Join artists Carmen Lizardo and Ginger Sedlarova, and Stewart-Swift Research Center Archivist Eva Garcelon-Hart, and Taylor Rossini, formerly Sheldon Collections Associate, for a conversation about absence in the archive and the role artists can play in making archives more representative of the whole community. The panel will also include Jillian Hartke, archivist at the Albuquerque Museum's Photography Archive in New Mexico who will speak about that Museum's approach to absence, acquisition, representation. This program is supported by Walter Cerf Community Fund and Stewart-Swift Research Center donors.
No archive or collection is perfect and not all people of a community are well-represented in an archive. How do we make sense of these absences and how can we make archives more representative of the whole community? On the occasion of the 50th anniversary of the Stewart-Swift Research Center, the Henry Sheldon Museum of Vermont History invited an international network of collage artists to engage with historic material in the archive and to create a folio of collage prints that reflect on the idea of community in a 21st century world. A number of artists focused on what communities are absent in the archive. By projecting and photographing images of women of African American descent onto the physical storage room of the archive, Carmen Lizardo's collage draws our attention to the absence of Black people in the collection. Seeing "minimal Jewish material in the archive," Ginger Sedlarova hopes to draw attention to what material is there to "inspire the Jewish residents of Middlebury to donate archival materials." Using tools of projection, subtraction, and speculation, contemporary artists can fill gaps in the material of local history keepers in a way that invites underrepresented community members to engage and, possibly, contribute to the archive.
ABOUT THE SPEAKERS
Eva Garcelon-Hart has overseen the Sheldon Museum’s Stewart-Swift Research Center archival collections since 2011 where she has particular interest in bringing the Center’s overlooked stories and visual collections to public attention. While there Eva curated several exhibits including: “Charity & Sylvia: A Weybridge Couple,” “Conjuring the Dead: Spirit Art in the Age of Radical Reform,” and “Elephant in the Archives: Silences, Erasure & Relevance.” During 2021/22 she and her colleagues organized a popular virtual talk series, the “Elephant in the Room: Exploring the Future of Museums.” Eva earned her MA in History of Art and MLIS from the University of California at Berkeley.
Carmen Lizardo's process begins by creating temporary collages--projecting or copying the original pictures and "floating" them on different fabric, wallpaper patterns, water, sand, or paint. She then photographs the temporary collages, printing them on transparent paper. The printed photograph is further transformed by using paint, gold leaf, and iridescent pigments on the backside of the print. These works become one-of-a-kind physical records of their previous ephemeral existence. She holds a BFA in Photography and an MFA in Digital Art from Pratt Institute. Originally from the Dominican Republic, Lizardo served fifteen years as a tenured faculty for SUNY New Paltz’s Fine and Performing Arts program and now is solely dedicated to her studio practice. She lives and works in the Hudson Valley, New York. See Lizardo’s webiste here.
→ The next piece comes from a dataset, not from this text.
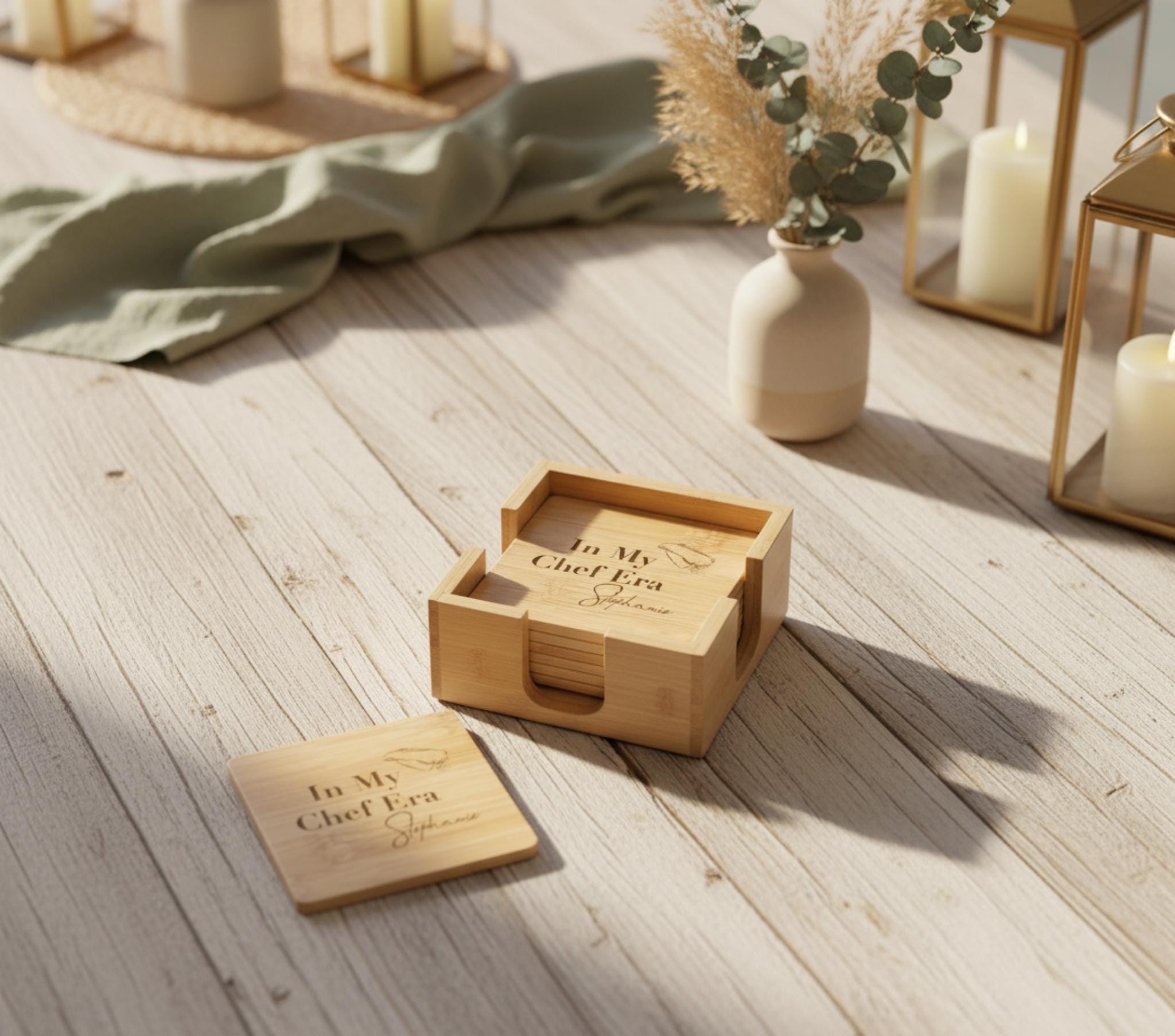 Bamboo Coaster Set: A 5-piece set with 4" x 4" coasters and a matching holder.

Ginger Sedlarova an emerging collage artist living and working in Burnaby, British Columbia, Canada. Sometimes her work is a short story, sometimes it’s a novel. But it’s always surreal, full of observations about the absurdity of daily life or conversations with the cities she’s lived in, visited and loved. Her practice grew from her love of making digital photo collages in a former career as a graphic artist on newspapers in Canada and magazines in Central Europe--only now she does this by hand, without an editor looking over her shoulder while she works. See Ginger’s website here.
Jillian Hartke is the digital archivist at the Albuquerque Museum in Albuquerque, New Mexico. She studied History at the University of Missouri and completed a Master’s of Library Science at the University of Missouri. She has worked as a librarian in academic, public, and non-profit institutions for over a decade, and has managed the Photo Archives of the Albuquerque Museum since 2018. She is an advocate for access to information and public transparency of collections held in libraries, archives, and museums. She believes in communicating the strengths and weaknesses of a collection to help build stronger community participation in the collecting process and more enthusiastic support for preserving collections for future generations.
Taylor Rossini is a Middlebury College graduate currently in the Winterthur graduate program, University of Delaware. Until June 2022, Taylor worked as Collections Associate and Grant Writer. at the Sheldon Museum.